Maximizing it under ultracode

The fan-out engine implements the strong form directly
(workflows/review-panel.workflow.js):

  • loop-until-dry: re-runs independent fresh panels and accumulates only issues
    not seen before, stopping after dryStop consecutive passes that add no
    surviving issue (hard cap maxRounds). Raises recall past a single pass.
  • adversarial verify: each new issue faces perspective-diverse skeptics
    (misreading / already-addressed / scope-or-severity) and is kept unless a
    majority refute it, filtering plausible-but-wrong issues before they reach the
    ledger. Bias is to keep, so real flaws are not lost.
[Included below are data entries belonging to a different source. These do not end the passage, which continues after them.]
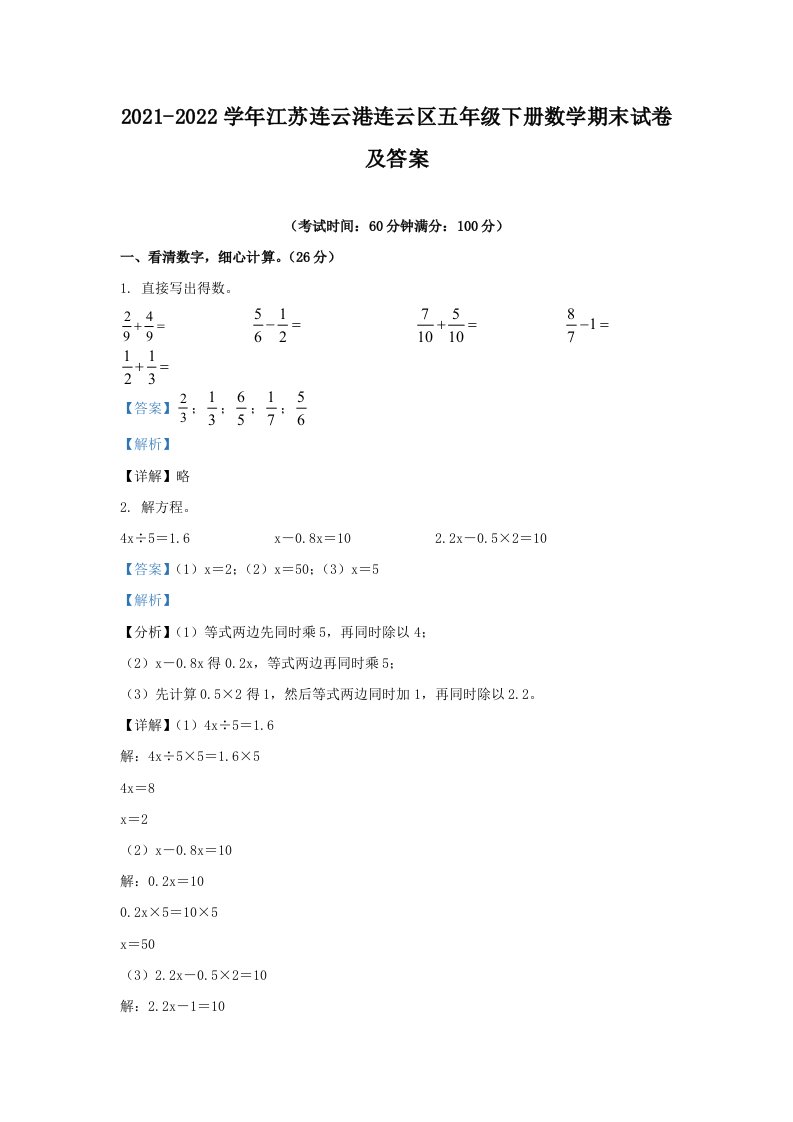 当前位置: 首页小学资源小学五年级正文 2021-2022学年江苏连云港连云区五年级下册数学期末试卷及答案(Word版)_共16页 小学五年级 6 天前 0 0 10 以上为部分内容预览,如需源文档请登录您的会员账号进行下载! 声明:本站所有文章,如无特殊说明或标注,均为本站原创发布。任何个人或组织,在未征得本站同意时,禁止复制、盗用、采集、发布本站内容到任何网站、书籍等各类媒体平台。如若本站内容侵犯了原著者的合法权益,可联系我们进行处理。 尚学资源永久会员 打赏 收藏 海报 链接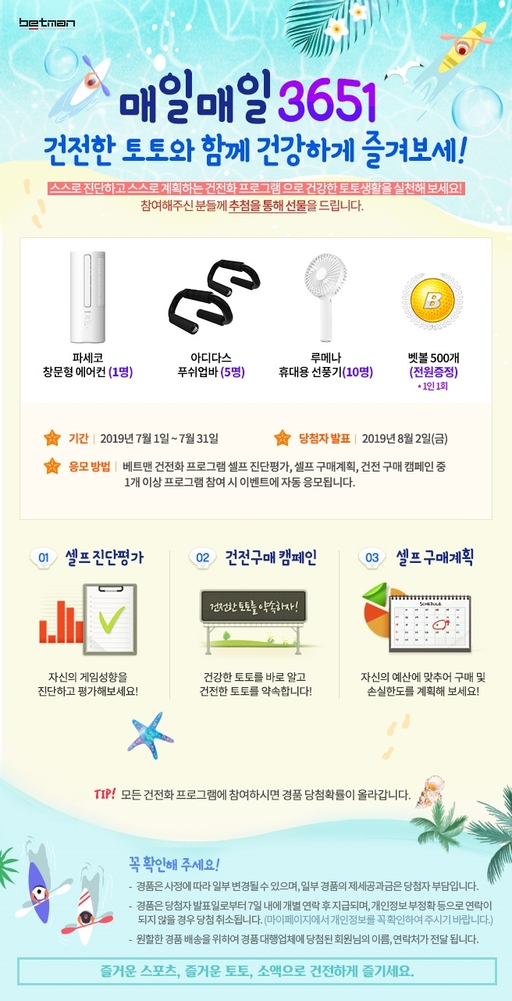 [스포츠월드=김진엽 기자] 체육진흥투표권 스포츠토토의 공식온라인 발매사이트인 베트맨이 7월 건전화 프로그램 이벤트인 ‘매일매일 3651 건전한 토토와 함께 건강하게 즐겨보세!’를 실시한다.
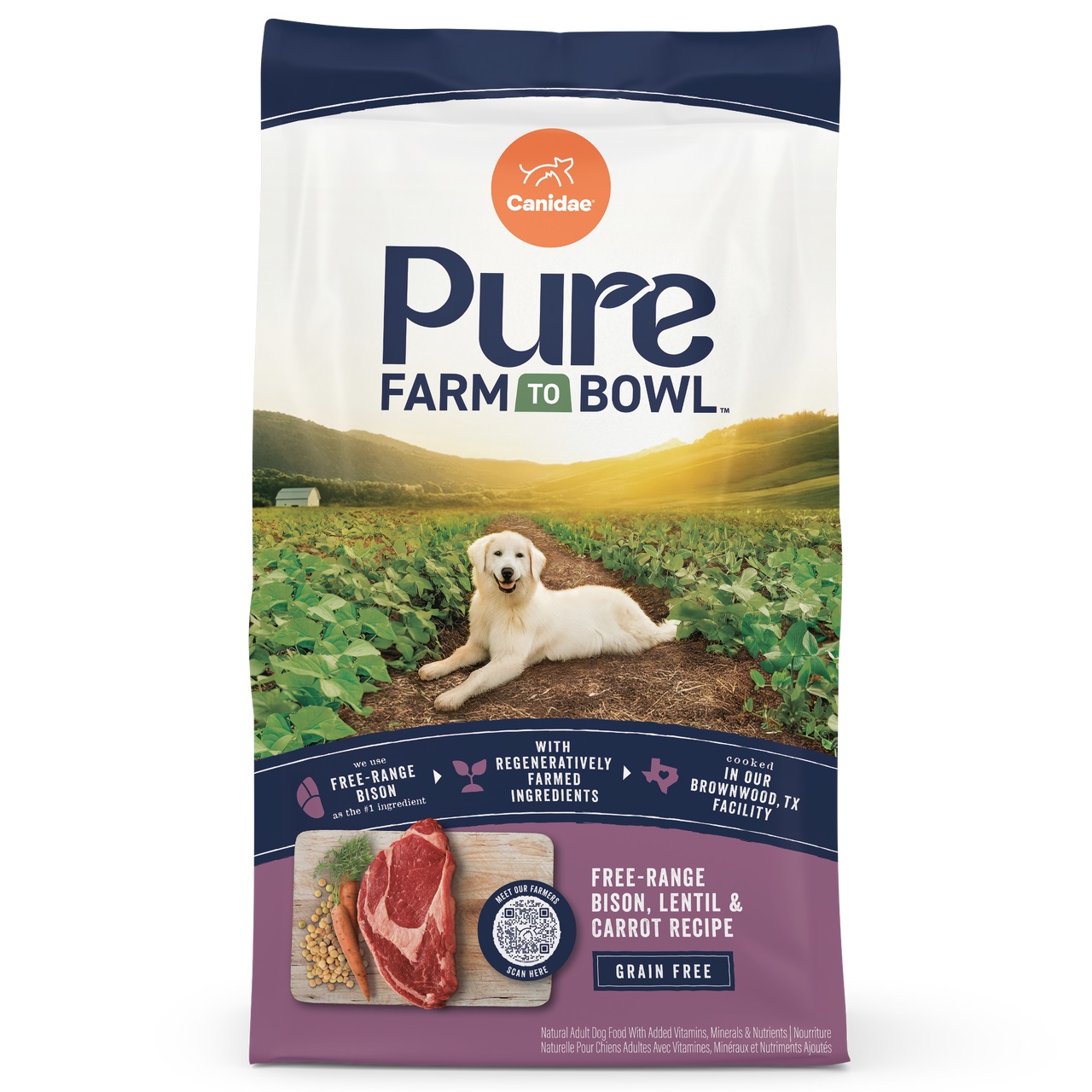 每一包 Canidae Pure Farm to Bowl 都經過全面測試,以確保不含任何有害病原體和毒素,並確認營養成分,從而保證每一口都提供一致的高品質營養。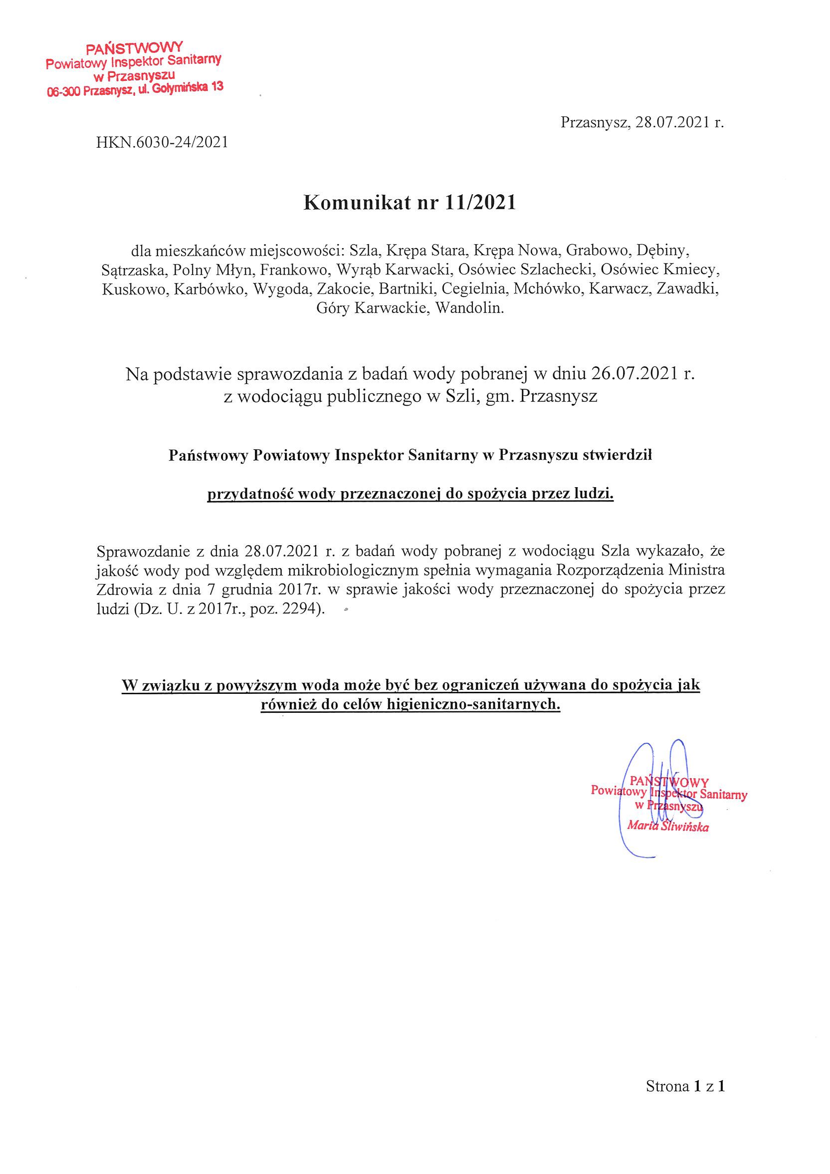 Komunikat stwierdzający przydatność wody do spożycia z wodociągu Szla z dnia 28.07.2021 r.komunikat-z-dnia-2807-Szla.pdf 0.23MB
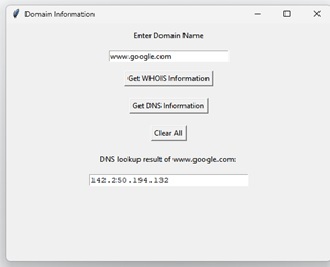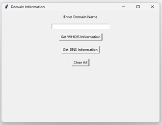 程式建立三個按鈕 - “獲取WHOIS資訊”、“獲取DNS資訊”和“全部清除”。單擊“獲取WHOIS資訊”按鈕時,它將呼叫get_whois_info()函式。同樣,單擊“獲取DNS資訊”按鈕時,它將呼叫get_dns_info()函式。最後,單擊“全部清除”按鈕時,它將呼叫clear()函式。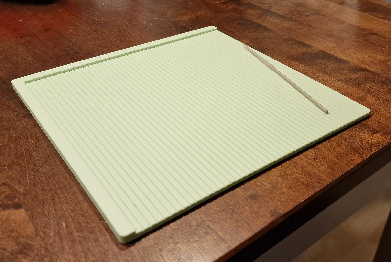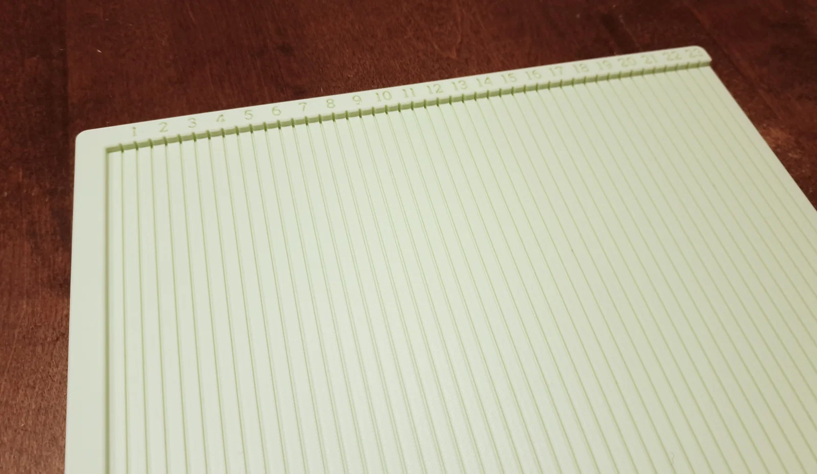 Hai vợ chồng mình đã cùng làm cái bảng cấn giấy (scoring board) này để phục vụ cho sở thích làm đồ thủ công bằng giấy (papercraft) của mình. Bảng được in với phần viền (brim) và nhiệt độ bàn in cao hơn mức bình thường một chút để tránh tình trạng bị bong tróc giữa chừng khi đang in. Nhờ cách này mà mình không còn gặp vấn đề bị nhấc mép khi in nữa. Mô hình có các đường cấn cách nhau mỗi 0,5 mm và đánh số mỗi 10 mm. Để cấn giấy, mình dùng một cây kim đan móc nhỏ. Bạn có thể dùng bất kỳ dụng cụ nào có đầu tù vừa khít với đường rãnh là đều dùng được nhé.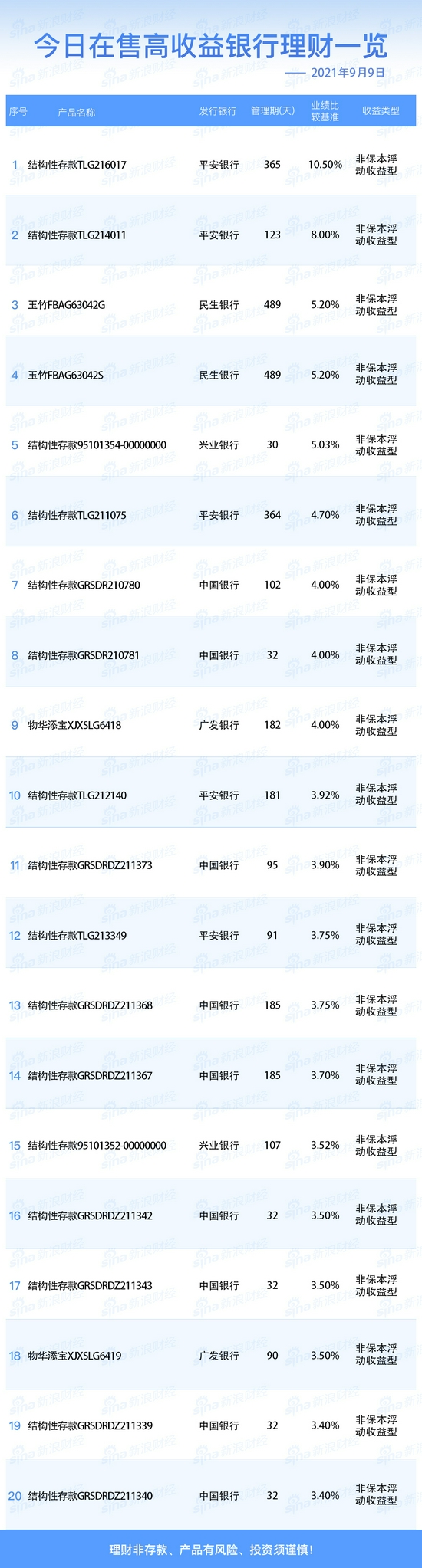 •   新浪财经9月9日在售高收益银行理财产品:今日业绩比较基准在5%以上的银行人民币理财产品共5款。平安银行的“结构性存款TLG216017”业绩比较基准最高,为10.5%。
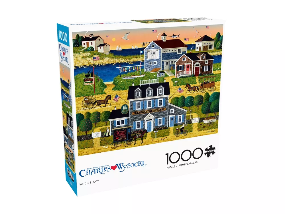 This 1000-piece jigsaw puzzle titled “Witch’s Bay” is based on the artwork of Charles Wysocki. The detailed coastal landscape in this scene boasts a grand "Nantucket Breeze" house, acting as a focal point amidst quaint homes, and rustic carriages traveling along the roads. In the distance, sailboats drift lazily in the bay, while seagulls soar in the golden sky. For more than 40 years Charles Wysocki enjoyed his love affair with life and Americana, and through his imaginative and colorful artwork, touched the hearts of millions worldwide. "Chuck" felt a special kinship with puzzlers who share in the creative process by building his paintings piece at a time. Every jigsaw puzzle is manufactured from recycled puzzle board. A precision cutting technique guarantees that every piece will fit soundly with the company's signature Perfect Snap™. A bonus puzzle poster is also included so that you have a handy reference of what the completed puzzle should look like while you put yours together. 1000 PIECE JIGSAW PUZZLE – This 1000-piece jigsaw puzzle is the perfect level of challenge. Measuring 7.94in. x 7.94in., this puzzle is a great single evening activity for the entire family, friend group or yourself. For adults ages 14 and up. HIGHEST QUALITY MATERIALS – The puzzle pieces are thick and sturdy. Our puzzles are cut with premium dies for laser precision. APEX PUZZLE IMAGERY - Relax and enjoy the puzzling process while “traveling” to some of the most beautiful, bucket-list places, Or join in the fun with our portfolio of licensees, or finish in style with world renown artists. FULL COLOR BONUS POSTER - Every puzzle includes a full color poster to reference while assembling your puzzle. Or, for a real challenge, try to solve without the poster in hand! PERFECT GIFT - Puzzles are not only great gifts for any and all occasions including birthdays, holidays, housewarming parties or even just a fun night in with friends.

Toggle via args: ultracode on -> defaults (maxRounds 4, dryStop 2,
verify true); ultracode off -> pass {maxRounds:1, verify:false} for the basic
single-panel form. The loop is budget-aware and stops early if the token budget
runs low.

Capabilities and status

Built: the review engine; the submission-readiness checker (deterministic desk-reject screening plus a real LaTeX compile, degrading to a structural lint when no toolchain is present); and auto mode (the review-revise loop toward a goal under a drift-bounded policy, applying safe fixes and queueing risky ones for author review). Roadmap: vision-based layout verification, automatic venue detection from the class file, and reviewer personas tuned to each venue community.

Related skills

  • ml-paper-writing: from-scratch drafting, citation verification (never
    hallucinate citations), conference checklists. This loop borrows its
    sentence-level guidance for the edit-drafting step rather than duplicating it.
  • academic-plotting: figure and architecture-diagram generation (out of scope
    here; this loop edits text and captions, not figure images).